(Exercise objective): This task asks for the lines from the one with "in left top" to the final line below, repeated exactly, with pictures omitted.
--------------------------------------------------
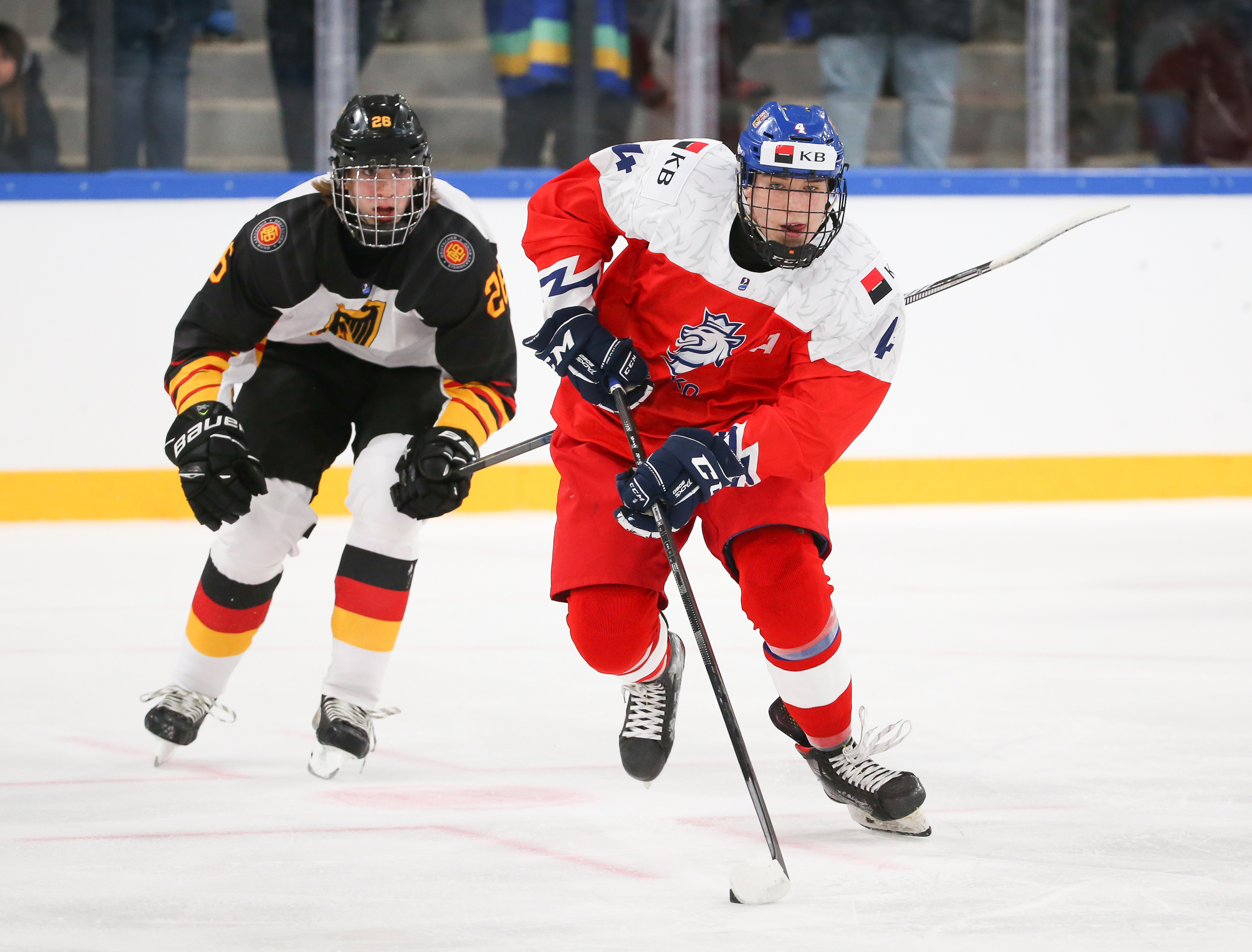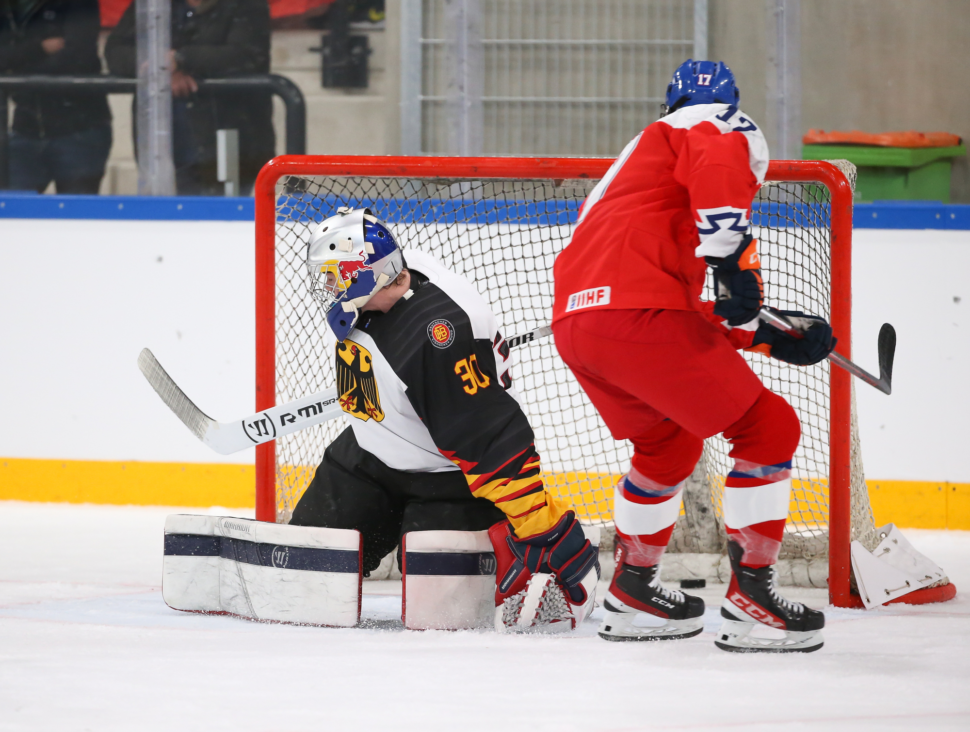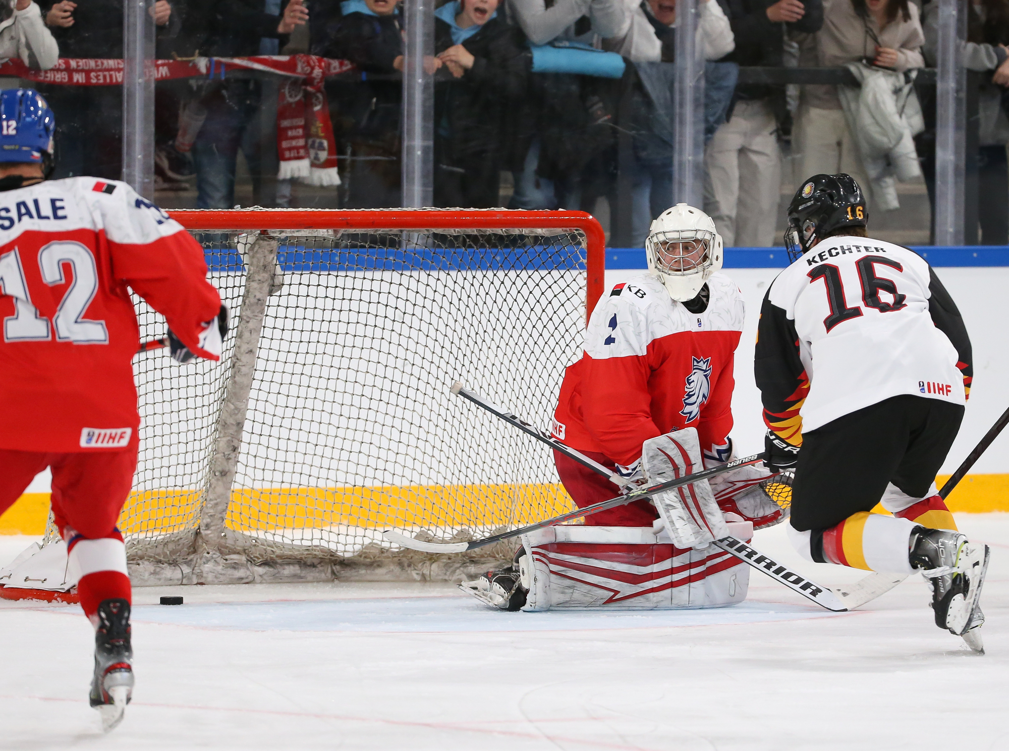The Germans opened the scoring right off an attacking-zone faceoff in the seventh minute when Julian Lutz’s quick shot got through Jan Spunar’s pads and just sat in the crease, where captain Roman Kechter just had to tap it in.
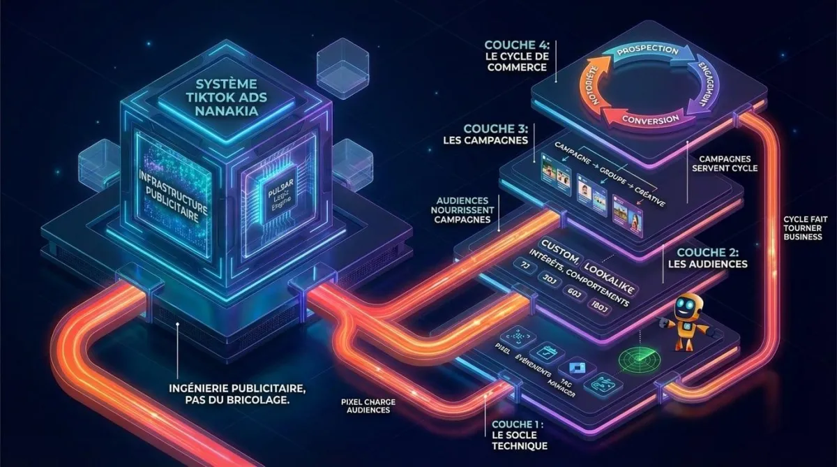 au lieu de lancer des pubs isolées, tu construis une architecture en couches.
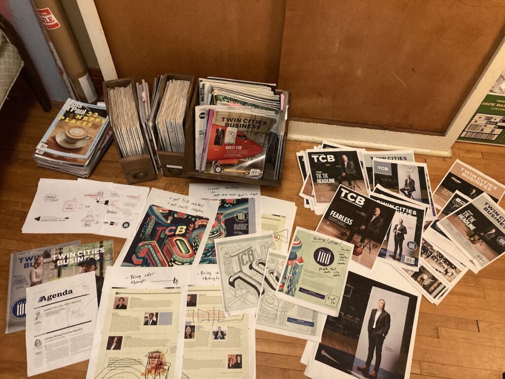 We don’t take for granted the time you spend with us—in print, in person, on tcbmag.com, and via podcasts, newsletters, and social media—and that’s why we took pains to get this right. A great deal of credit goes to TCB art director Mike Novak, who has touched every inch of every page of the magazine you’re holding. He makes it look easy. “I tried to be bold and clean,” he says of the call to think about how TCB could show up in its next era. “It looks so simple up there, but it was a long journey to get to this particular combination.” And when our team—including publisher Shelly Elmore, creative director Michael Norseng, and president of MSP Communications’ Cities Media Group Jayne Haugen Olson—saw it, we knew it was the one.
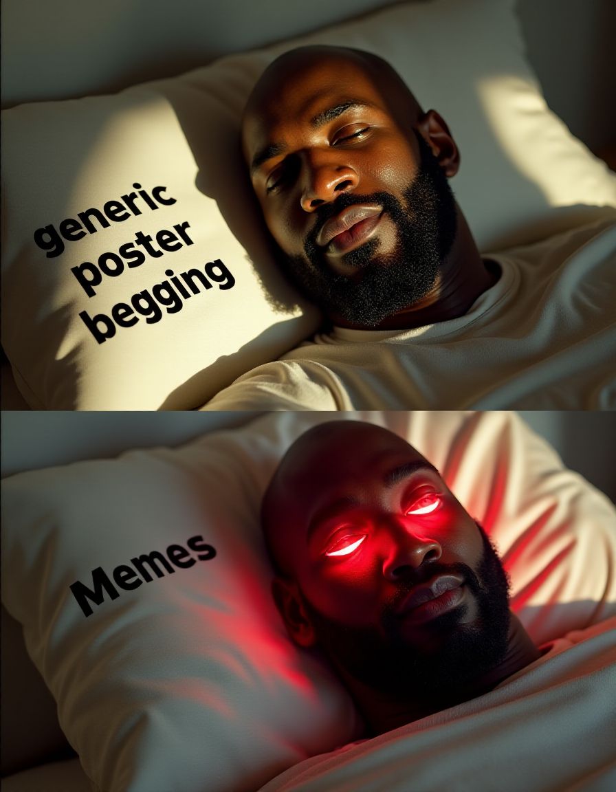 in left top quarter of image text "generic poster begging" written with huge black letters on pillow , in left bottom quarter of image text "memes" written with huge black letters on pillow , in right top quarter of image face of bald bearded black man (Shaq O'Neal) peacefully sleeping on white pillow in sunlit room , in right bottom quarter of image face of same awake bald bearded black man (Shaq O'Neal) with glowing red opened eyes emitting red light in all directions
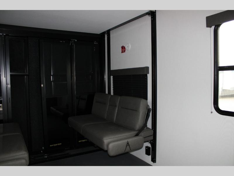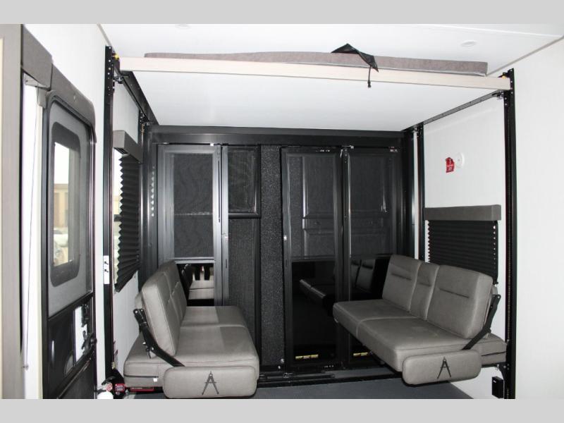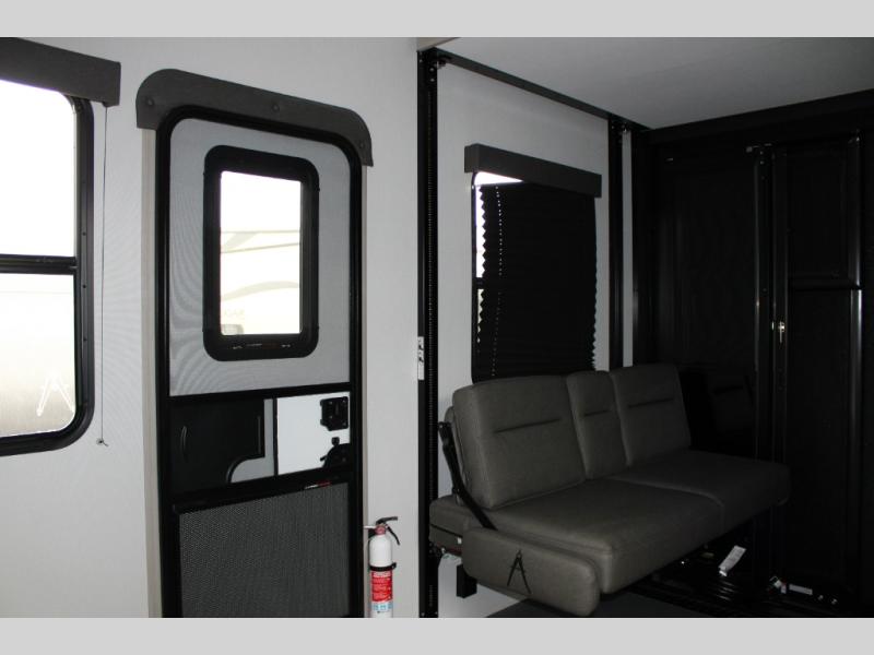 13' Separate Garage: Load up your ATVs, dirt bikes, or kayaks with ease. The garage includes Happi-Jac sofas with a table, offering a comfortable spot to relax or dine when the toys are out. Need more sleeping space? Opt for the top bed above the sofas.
--------------------------------------------------
(Solution):
 in left top quarter of image text "generic poster begging" written with huge black letters on pillow , in left bottom quarter of image text "memes" written with huge black letters on pillow , in right top quarter of image face of bald bearded black man (Shaq O'Neal) peacefully sleeping on white pillow in sunlit room , in right bottom quarter of image face of same awake bald bearded black man (Shaq O'Neal) with glowing red opened eyes emitting red light in all directions
 13' Separate Garage: Load up your ATVs, dirt bikes, or kayaks with ease. The garage includes Happi-Jac sofas with a table, offering a comfortable spot to relax or dine when the toys are out. Need more sleeping space? Opt for the top bed above the sofas.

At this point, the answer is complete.